Le 24 Novembre 2020, par Jean-Marie Cotteret

Tous les discours politiques et juridiques sont envahis par des références à l’État de droit.


Des différentes définitions de l’État de droit, on peut retenir qu’une société connaît un État de droit lorsque les rapports entre ses membres sont organisés selon des règles qui définissent les droits de chacun et assurent les garanties nécessaires au respect de ces droits.
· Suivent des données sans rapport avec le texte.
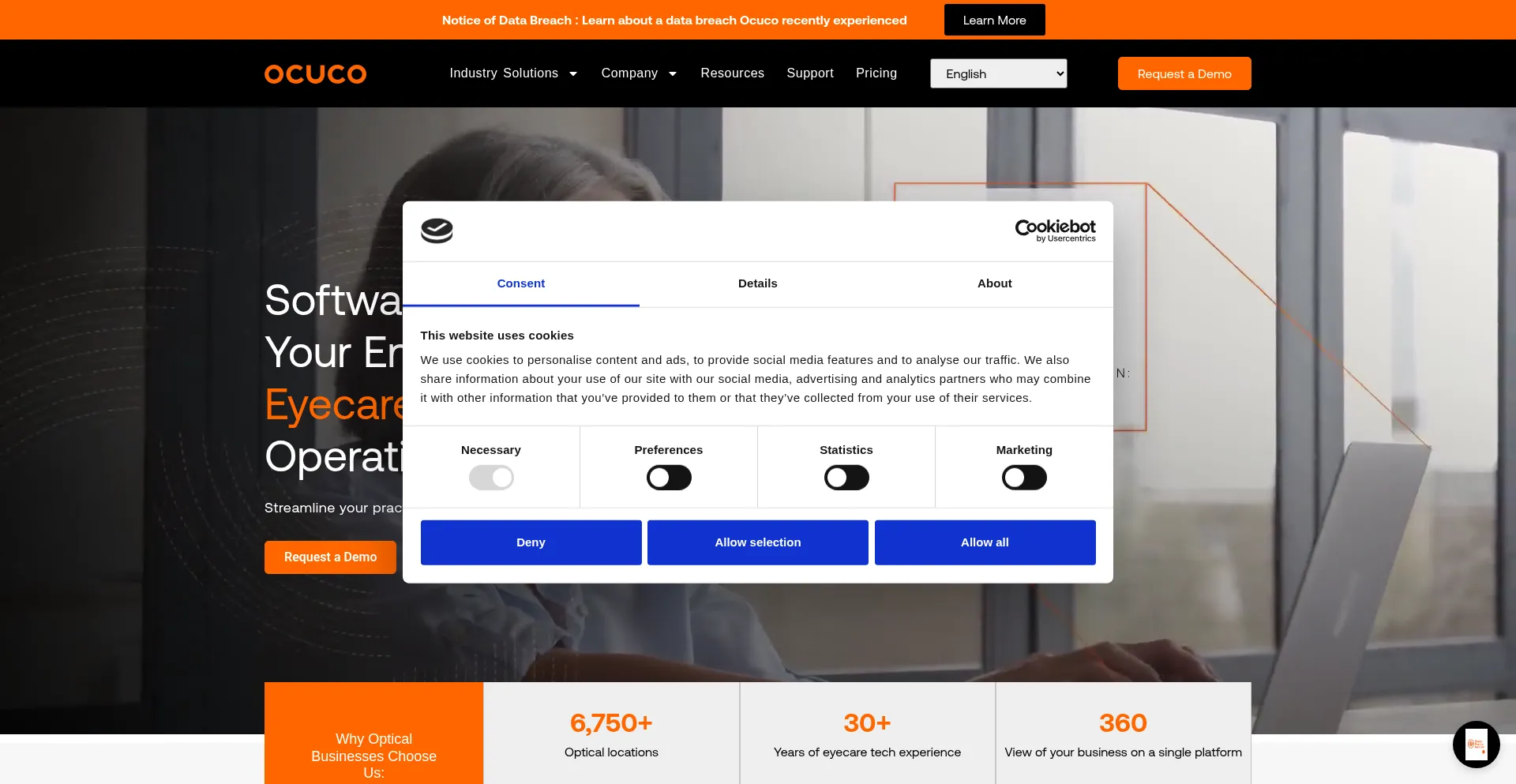 The website implements cookie consent mechanisms in compliance with privacy regulations such as GDPR or CCPA. This demonstrates that ocuco.com adheres to data protection standards and provides users with control over personal data collection practices.

Dans un article remarquable, Marcel Gauchet explique que l’État de droit doit retrouver sa place par rapport à la souveraineté populaire. En effet l’État de droit est une hiérarchie des normes où celles du législateur doivent se conformer à la norme supérieure : la constitution. Les cours constitutionnelles ont la charge de faire respecter cette hiérarchie. Mais à cette hiérarchie nette et claire se joignent un ensemble de droits notamment les droits de l’homme qui donnent naissance à un imbroglio où il est difficile de s’y retrouver. 

« Un ancien secrétaire du Conseil constitutionnel analysant la jurisprudence de cette juridiction démontre les limites qu’elle impose à la société en privilégiant les droits individuels au détriment de l’intérêt général. Notamment en matière de lutte contre le terrorisme. Bref on remplace l’État de droit par l’État par le droit.
Si l’État de droit ne sert qu’à protéger l’individu au détriment de la société il est évident que la souveraineté nationale est mise à mal et par voie de conséquence ses institutions représentatives. On peut certes proposer de revoir la législation pour trouver des accommodements entre sociétés et individus.
Mieux vaut tenter de voir en l’état actuel de la situation comment on peut s’y prendre.
Partant de l’idée que l’État de droit est un ensemble de règles juridiques structurées. En tenant compte de l’intérêt général, le Parlement expression de la souveraineté populaire adopte les mesures dans l’intérêt de la société, mais contraires à certaines dispositions de l’État de droit. Bien évidemment il y aura toujours des minorités pour saisir les autorités judiciaires. Grâce à cette contradiction au nom de l’État de droit la juridiction et en l’occurrence le Conseil constitutionnel décidera que la mesure est contraire à l’État de droit. Le problème est évidemment délicat pour les autorités judiciaires et notamment le Conseil constitutionnel. 
Vérifier la conformité du texte avec la constitution ou les droits de l’homme un logiciel pourrait le faire ! Mais valider un texte contraire à l’État de droit entraînerait immédiatement des interventions très sévères des différents organismes ou d’hommes politiques pour critiquer la décision du Conseil constitutionnel. Il convient de préciser que la conservation de l’État de droit impose d’abord une métaphore pour mieux saisir le mécanisme de ne pas céder à ce qui défendent l’État de droit pour mieux le détruire. Il faut recourir à une métaphore pour mieux saisir le mécanisme. Une personne atteinte d’un cancer peut refuser tout traitement pour garder l’intégrité de son corps. Or que lui propose-t-on : un traitement limité dans le temps pour tuer son cancer et retrouver l’intégralité de son corps. Le raisonnement doit être le même avec l’État de droit. 

La notion à utiliser est le temps. Il faut admettre des dérogations qui s’ils mettent en cause l’édifice juridique protègent la société. Il est plus que de rechercher un nouvel ordre juridique facile de moduler l’État de droit temporairement plutôt que de rechercher un nouvel ordre juridique long à établir et qui risque d’entraîner des catastrophes pour la société. À quoi sert de maintenir un état de droit qui n’est plus capable d’assurer la liberté et la sécurité des citoyens. La notion de temps permet ainsi en accordant des exceptions d’assurer la survie de l’État de droit.